Ang Larawan begins this way: Bitoy Camacho (Sandino Martin), a young, bright man, makes his way down the historical streets of pre-war Intramuros and enters an old house. On his way up to the sala, he pauses and quietly admires the furnishings gathering dust in storage. This film is as flamboyant and loud as any musical, but it remembers to include such moments of stillness. Its story is populated by a full ensemble, but it starts small as it follows only young Bitoy, while he revisits the place of his childhood memories.
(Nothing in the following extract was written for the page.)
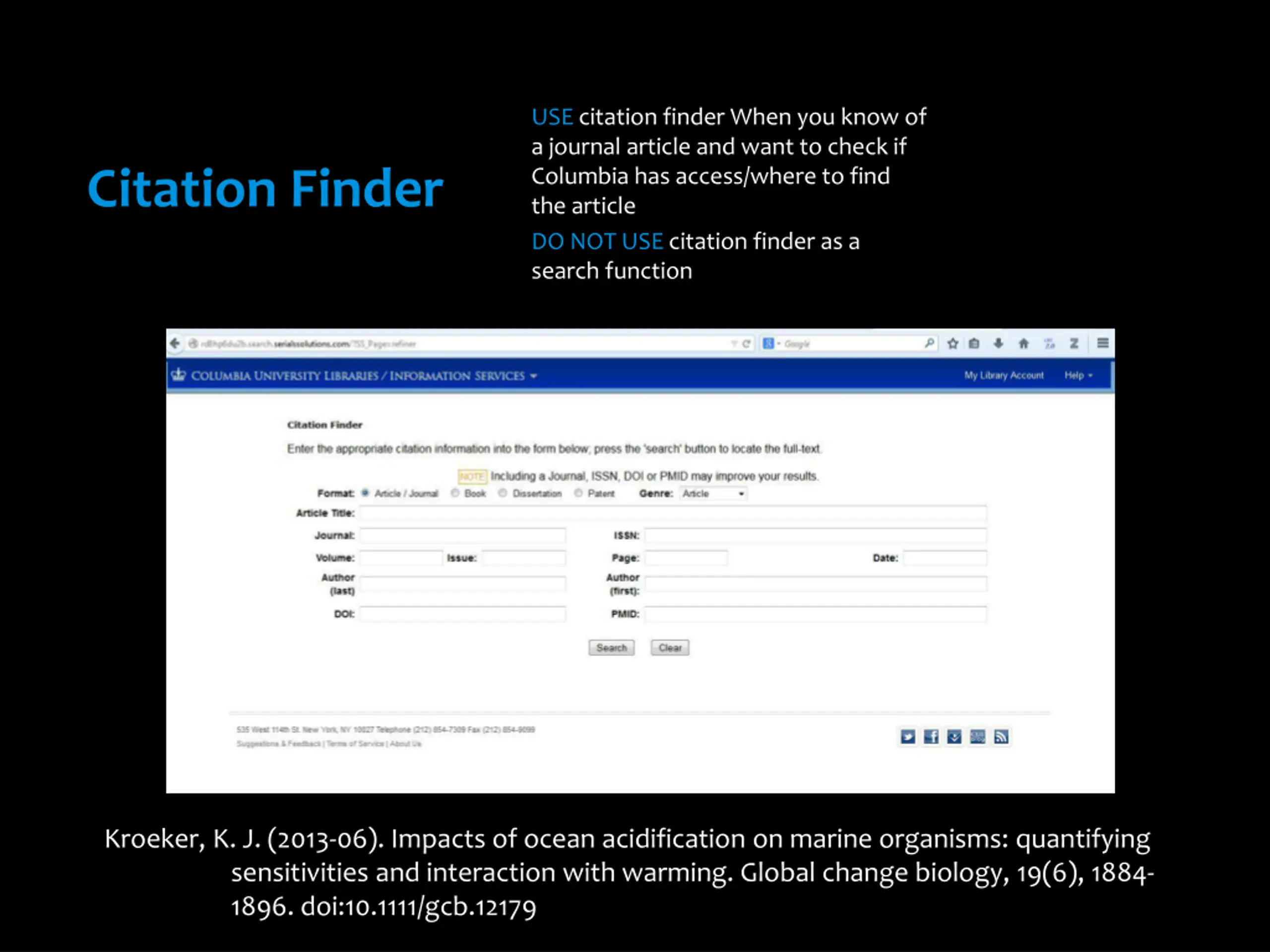 USE citation finder When you know of a journal article and want to check if Columbia has access/where to find the article DO NOT USE citation finder as a search function Citation Finder Kroeker, K. J. (2013-06). Impacts of ocean acidification on marine organisms: quantifying sensitivities and interaction with warming. Global change biology, 19(6), 1884- 1896. doi:10.1111/gcb.12179

Ang Larawan is a proudly, defiantly nostalgic film. It is a period drama, one that is deliberately framed: the story is bookended by black-and-white footage, and it introduces color as a stage would open its curtains. The past that it presents is concerned less with authenticity than with theatricality.
The film adapts National Artist Nick Joaquin’s famous play, A Portrait of the Artist as Filipino, and it is as straightforward an adaptation as possible, adorned but unaltered even as it was translated by Rolando Tinio (also a National Artist) into Filipino, and in collaboration with Ryan Cayabyab was transformed into a musical. It is not Bitoy’s story; he only introduces it. At the heart of Ang Larawan are the Marasigan sisters, Candida (Joanna Ampil) and Paula (Rachel Alejandro), unmarried and growing old, living in their house in old Manila with their esteemed but reclusive father Don Lorenzo (Leo Rialp). Here, on the last October before the outbreak of war, the sisters’ peaceful lives are disturbed as various personalities—family and friends and other less-noble characters—come visiting upon news that Don Marasigan, the artist and patriot, has picked up his brush again and completed his first painting in decades.